1) I assume you're taking the headphone output of the GB and plugging it into the Mic input of the computer, and that's a big part of your problem. Headphone outputs are already amplified, and you're putting it in an input that has a cheap pre-amp on it. Use the Line input.
2) Put the GB's volume to the maximum, that will make the signal much louder than the noise.
3) If you want to nitpick, plug in the gameboy, volume to the max. Then monitor the input and apply a noise gate. Move the threshold up until it cuts the noise. Then test it out with music, and adjust it if it cuts off some of the music.
4) Use a noise reduction plugin. Record some noise, empty of music, and use that to make an image of your noise. Then you use that to filter out this noise print from a recording. Don't go too crazy with it or it will also remove a lot of the music.

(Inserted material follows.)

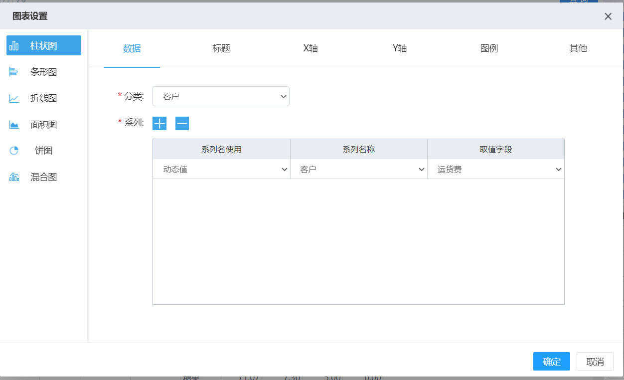 图表设置界面分为左右两个区域,左边是图表类型选择区域,右边是图表对应功能设置区域,根据选的图表类型出现不同的功能配置。图表类型默认“柱状图”,可自行修改图表类型。以下以“柱状图”为例了解图表的具体设置。

5) Noise is part of any recording. You can fight it, but there will always be a bit of it. The GB has a crappy amp and crappy DAC. Same thing with the built-in soundcard of any computer. Crappy DACs. Your signal goes from Digital to Analog in the gameboy, then from Analog to Digital again in the soundcard. Crappy pieces at these points will always add noise. You can alleviate the problem by getting a decent soundcard with good DACs.
In your case most of the noise comes from the gameboy. And using the Mic instead of Line input doesn't help at all.